TASK STATEMENT
All that is wanted is the exact text of the lines below from the one with "- Versatile 6-Piece" through the one with "Mit dem Ember, einem", inclusive, minus any pictures.

___ DATA FOR THIS EXERCISE

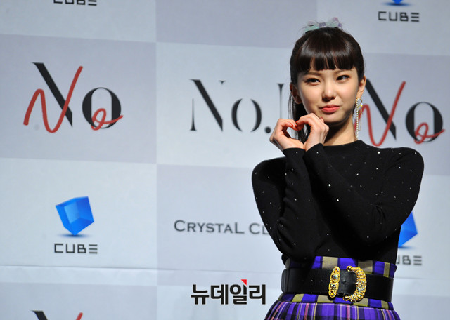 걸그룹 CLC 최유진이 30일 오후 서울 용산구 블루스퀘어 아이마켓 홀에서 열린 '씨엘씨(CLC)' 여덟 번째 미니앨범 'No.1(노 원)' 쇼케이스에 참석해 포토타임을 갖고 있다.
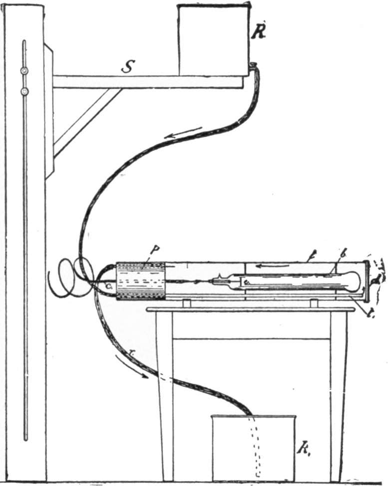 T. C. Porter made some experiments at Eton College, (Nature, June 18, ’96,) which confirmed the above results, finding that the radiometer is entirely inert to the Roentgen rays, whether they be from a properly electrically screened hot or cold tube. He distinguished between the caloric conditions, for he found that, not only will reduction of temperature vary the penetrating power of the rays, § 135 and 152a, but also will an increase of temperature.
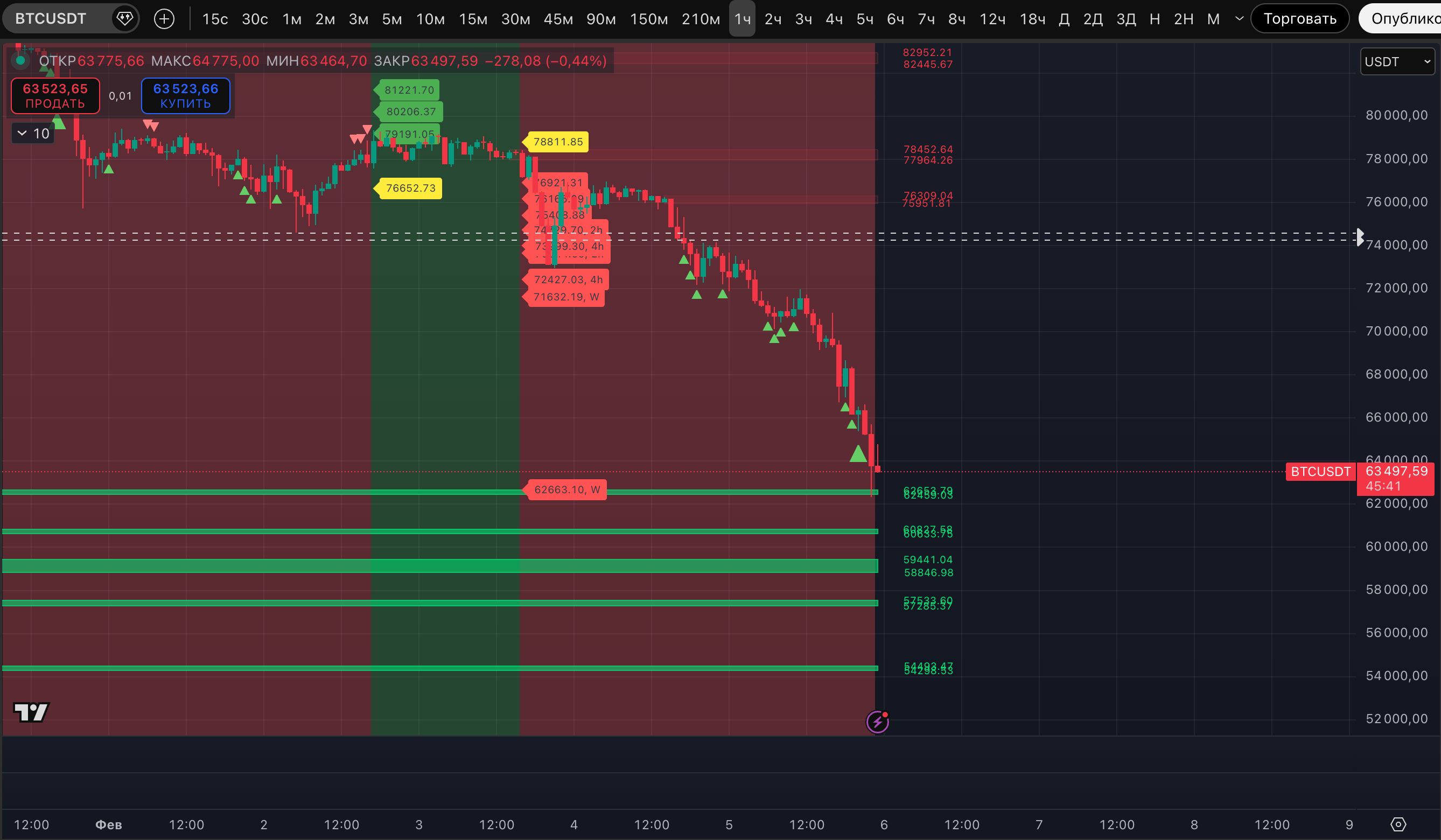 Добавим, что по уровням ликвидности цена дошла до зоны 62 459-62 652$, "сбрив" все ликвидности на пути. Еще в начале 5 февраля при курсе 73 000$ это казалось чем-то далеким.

______
___ DATA FOR THIS EXERCISE

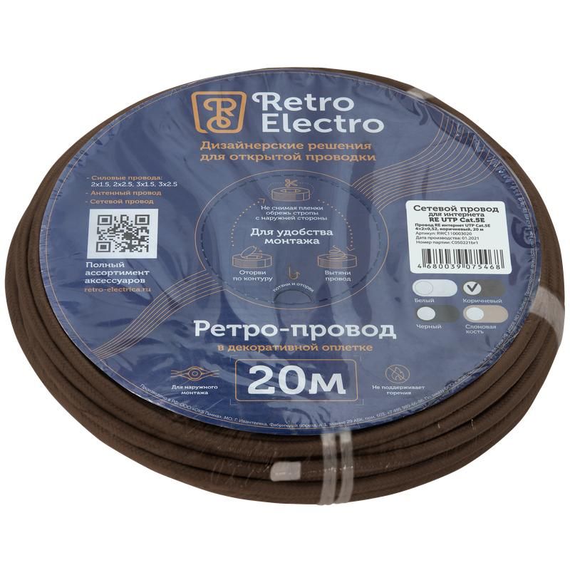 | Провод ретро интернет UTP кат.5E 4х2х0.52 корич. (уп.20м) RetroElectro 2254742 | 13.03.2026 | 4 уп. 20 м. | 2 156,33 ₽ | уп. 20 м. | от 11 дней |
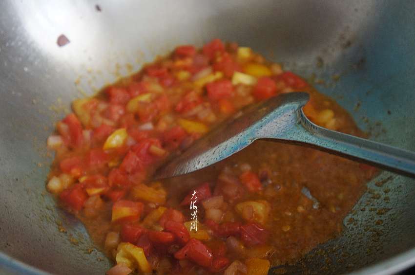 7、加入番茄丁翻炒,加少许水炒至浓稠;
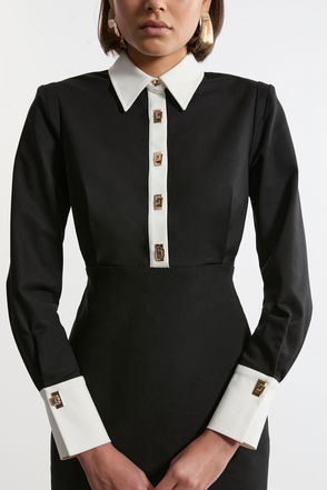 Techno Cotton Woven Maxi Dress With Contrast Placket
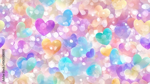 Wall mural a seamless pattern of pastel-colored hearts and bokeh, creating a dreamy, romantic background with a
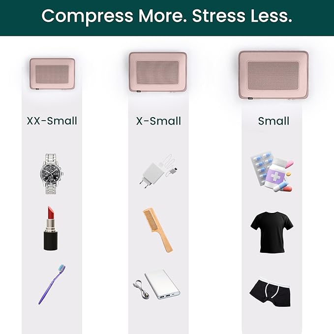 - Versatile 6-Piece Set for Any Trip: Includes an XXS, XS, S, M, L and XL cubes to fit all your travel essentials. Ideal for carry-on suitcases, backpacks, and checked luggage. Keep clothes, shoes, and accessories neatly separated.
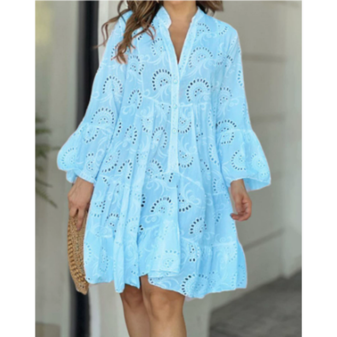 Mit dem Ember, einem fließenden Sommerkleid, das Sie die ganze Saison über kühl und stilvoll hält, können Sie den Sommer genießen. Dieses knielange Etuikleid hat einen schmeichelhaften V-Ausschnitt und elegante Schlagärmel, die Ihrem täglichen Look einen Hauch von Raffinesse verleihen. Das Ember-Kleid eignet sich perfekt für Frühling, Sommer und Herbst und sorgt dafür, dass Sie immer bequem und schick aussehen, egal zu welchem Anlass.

______

REPLY TO THE TASK
 - Versatile 6-Piece Set for Any Trip: Includes an XXS, XS, S, M, L and XL cubes to fit all your travel essentials. Ideal for carry-on suitcases, backpacks, and checked luggage. Keep clothes, shoes, and accessories neatly separated.
 Mit dem Ember, einem fließenden Sommerkleid, das Sie die ganze Saison über kühl und stilvoll hält, können Sie den Sommer genießen. Dieses knielange Etuikleid hat einen schmeichelhaften V-Ausschnitt und elegante Schlagärmel, die Ihrem täglichen Look einen Hauch von Raffinesse verleihen. Das Ember-Kleid eignet sich perfekt für Frühling, Sommer und Herbst und sorgt dafür, dass Sie immer bequem und schick aussehen, egal zu welchem Anlass.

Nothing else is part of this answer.